=== Data ===
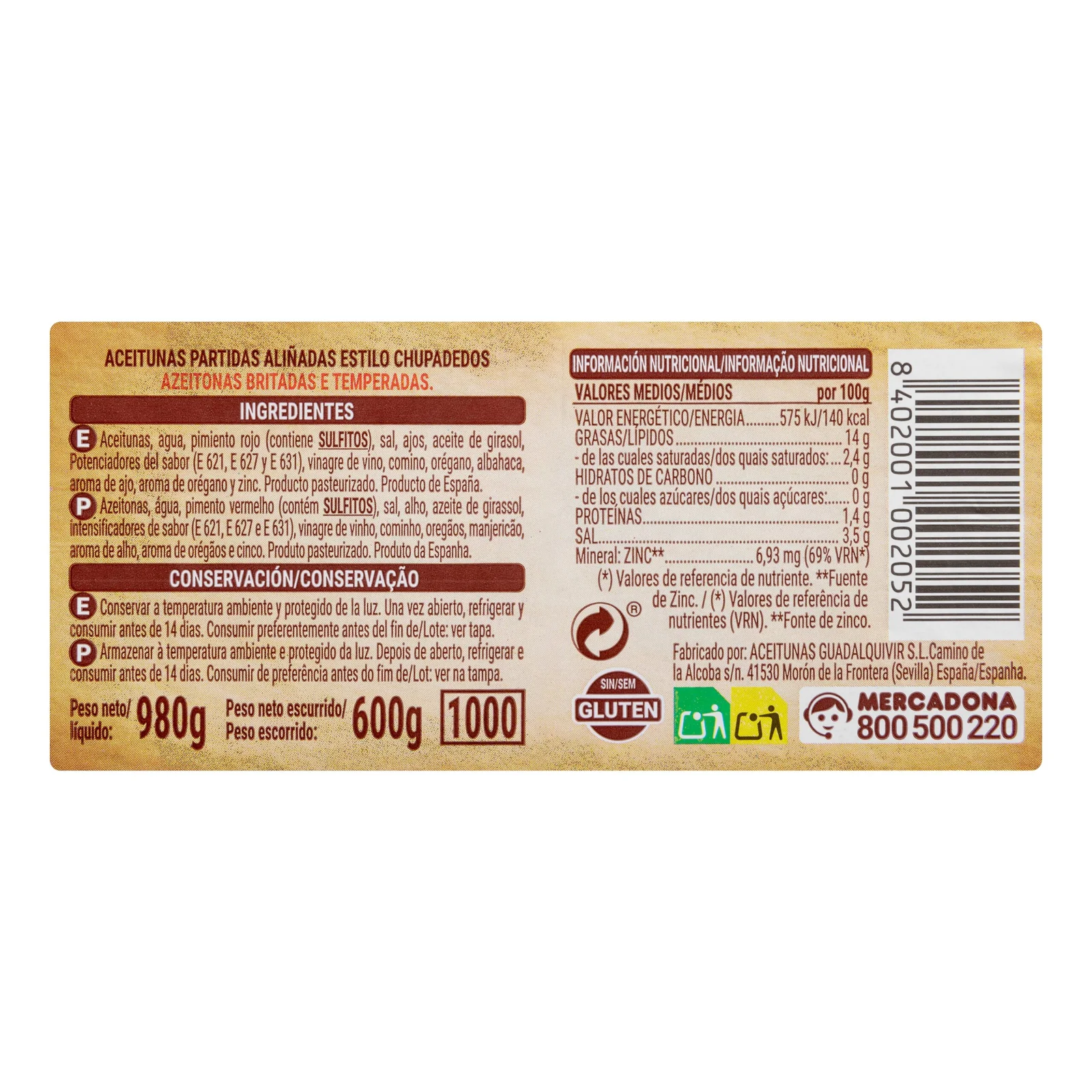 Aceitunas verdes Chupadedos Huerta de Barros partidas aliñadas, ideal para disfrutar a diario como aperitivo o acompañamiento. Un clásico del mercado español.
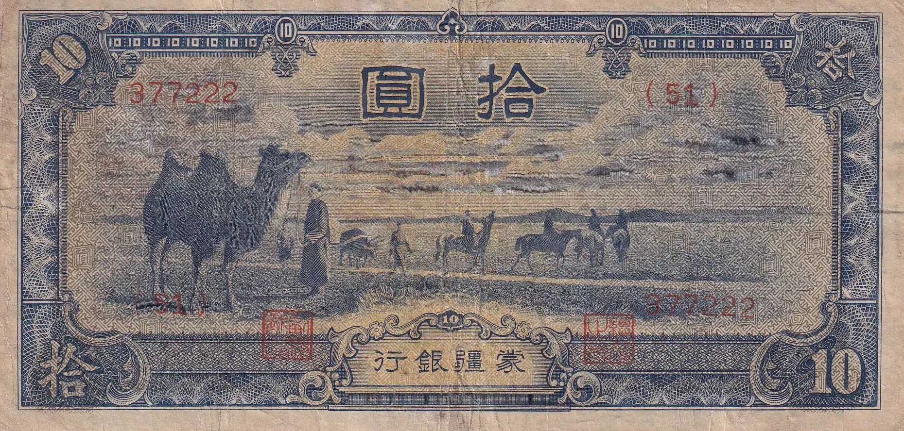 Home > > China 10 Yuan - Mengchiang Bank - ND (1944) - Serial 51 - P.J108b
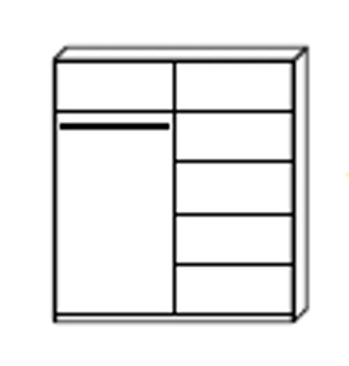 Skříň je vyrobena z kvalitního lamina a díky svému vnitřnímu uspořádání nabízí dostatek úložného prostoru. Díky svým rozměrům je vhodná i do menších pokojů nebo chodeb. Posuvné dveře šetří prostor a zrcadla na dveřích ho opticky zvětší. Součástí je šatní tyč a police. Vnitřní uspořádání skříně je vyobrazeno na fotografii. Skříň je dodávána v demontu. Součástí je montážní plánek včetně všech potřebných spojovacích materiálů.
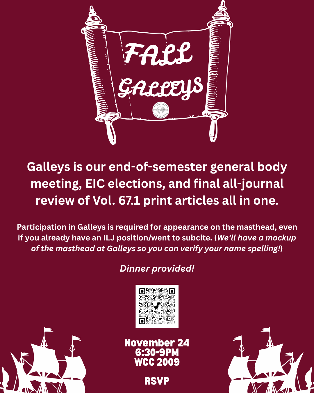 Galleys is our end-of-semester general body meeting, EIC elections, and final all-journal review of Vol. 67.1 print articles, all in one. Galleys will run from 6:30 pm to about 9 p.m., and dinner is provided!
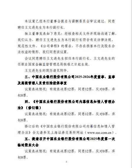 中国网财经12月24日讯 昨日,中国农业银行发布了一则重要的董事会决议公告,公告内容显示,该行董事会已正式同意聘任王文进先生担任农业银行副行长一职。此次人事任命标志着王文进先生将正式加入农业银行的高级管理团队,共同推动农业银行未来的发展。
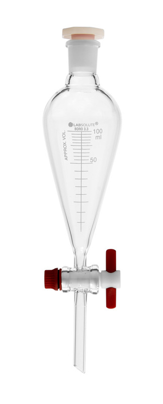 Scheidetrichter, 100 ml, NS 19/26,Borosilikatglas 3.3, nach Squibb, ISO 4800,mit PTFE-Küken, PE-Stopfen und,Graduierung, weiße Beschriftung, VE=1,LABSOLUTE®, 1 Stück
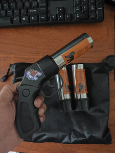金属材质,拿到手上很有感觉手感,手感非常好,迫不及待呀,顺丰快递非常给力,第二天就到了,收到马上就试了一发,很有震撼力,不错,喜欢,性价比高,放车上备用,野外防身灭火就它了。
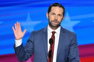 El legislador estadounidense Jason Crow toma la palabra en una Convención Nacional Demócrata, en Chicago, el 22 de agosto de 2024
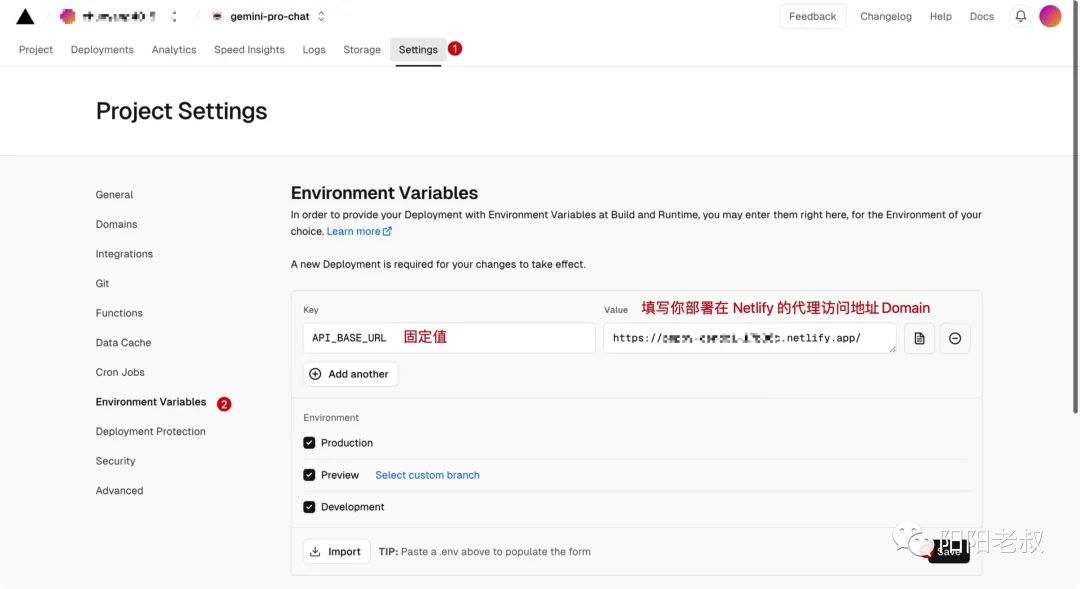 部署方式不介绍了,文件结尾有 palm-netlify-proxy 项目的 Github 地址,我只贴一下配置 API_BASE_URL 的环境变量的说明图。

=== Task goal ===
Beginning with the line that contains "中国网财经12月24日讯 昨", print exactly every line through the end of the records, both included. Omit the pictures.

=== Response to the exercise ===
 中国网财经12月24日讯 昨日,中国农业银行发布了一则重要的董事会决议公告,公告内容显示,该行董事会已正式同意聘任王文进先生担任农业银行副行长一职。此次人事任命标志着王文进先生将正式加入农业银行的高级管理团队,共同推动农业银行未来的发展。
 Scheidetrichter, 100 ml, NS 19/26,Borosilikatglas 3.3, nach Squibb, ISO 4800,mit PTFE-Küken, PE-Stopfen und,Graduierung, weiße Beschriftung, VE=1,LABSOLUTE®, 1 Stück
金属材质,拿到手上很有感觉手感,手感非常好,迫不及待呀,顺丰快递非常给力,第二天就到了,收到马上就试了一发,很有震撼力,不错,喜欢,性价比高,放车上备用,野外防身灭火就它了。
 El legislador estadounidense Jason Crow toma la palabra en una Convención Nacional Demócrata, en Chicago, el 22 de agosto de 2024
 部署方式不介绍了,文件结尾有 palm-netlify-proxy 项目的 Github 地址,我只贴一下配置 API_BASE_URL 的环境变量的说明图。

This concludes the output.